§ **Provided records**
________________________________________
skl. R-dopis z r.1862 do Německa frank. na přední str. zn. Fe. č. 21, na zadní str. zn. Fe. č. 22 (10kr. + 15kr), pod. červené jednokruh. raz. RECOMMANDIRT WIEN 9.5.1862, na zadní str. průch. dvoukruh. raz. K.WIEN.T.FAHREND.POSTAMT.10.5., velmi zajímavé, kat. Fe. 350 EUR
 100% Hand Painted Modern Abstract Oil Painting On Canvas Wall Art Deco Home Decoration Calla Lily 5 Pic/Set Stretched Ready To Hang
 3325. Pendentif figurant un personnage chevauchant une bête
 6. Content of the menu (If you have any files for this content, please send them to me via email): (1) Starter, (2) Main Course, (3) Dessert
________________________________________
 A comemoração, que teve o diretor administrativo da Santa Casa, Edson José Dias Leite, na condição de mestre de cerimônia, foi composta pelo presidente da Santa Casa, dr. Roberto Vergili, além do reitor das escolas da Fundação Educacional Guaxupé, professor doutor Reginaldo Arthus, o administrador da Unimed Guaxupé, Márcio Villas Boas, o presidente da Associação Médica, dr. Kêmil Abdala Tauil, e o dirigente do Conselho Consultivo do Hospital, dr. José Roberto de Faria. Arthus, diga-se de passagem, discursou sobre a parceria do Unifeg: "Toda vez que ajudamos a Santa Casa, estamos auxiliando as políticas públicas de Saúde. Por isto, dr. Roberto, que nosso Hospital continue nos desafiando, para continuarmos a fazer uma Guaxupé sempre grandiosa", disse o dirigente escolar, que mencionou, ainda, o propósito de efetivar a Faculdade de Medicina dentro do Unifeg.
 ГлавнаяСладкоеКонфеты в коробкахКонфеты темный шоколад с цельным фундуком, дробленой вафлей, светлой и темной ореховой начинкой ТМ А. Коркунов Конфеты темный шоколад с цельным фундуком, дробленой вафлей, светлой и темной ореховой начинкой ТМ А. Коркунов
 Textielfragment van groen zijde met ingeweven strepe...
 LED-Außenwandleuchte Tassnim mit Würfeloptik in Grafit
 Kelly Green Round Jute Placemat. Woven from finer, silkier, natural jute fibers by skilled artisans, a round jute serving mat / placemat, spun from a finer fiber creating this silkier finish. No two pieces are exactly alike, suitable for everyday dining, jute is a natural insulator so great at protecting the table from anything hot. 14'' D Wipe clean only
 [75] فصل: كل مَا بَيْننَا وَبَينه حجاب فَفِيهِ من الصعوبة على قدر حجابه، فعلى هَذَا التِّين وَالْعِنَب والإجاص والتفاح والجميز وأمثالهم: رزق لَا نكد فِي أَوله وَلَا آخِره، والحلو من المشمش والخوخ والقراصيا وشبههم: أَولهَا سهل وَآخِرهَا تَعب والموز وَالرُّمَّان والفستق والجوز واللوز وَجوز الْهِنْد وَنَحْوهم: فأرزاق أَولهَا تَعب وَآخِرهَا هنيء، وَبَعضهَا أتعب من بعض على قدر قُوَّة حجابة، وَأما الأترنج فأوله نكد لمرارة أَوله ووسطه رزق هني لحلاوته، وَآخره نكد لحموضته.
________________________________________
§ **Task statement**
Answer with one number, namely the count of lines in the entries that include the word "this".

§ **Exercise output**
2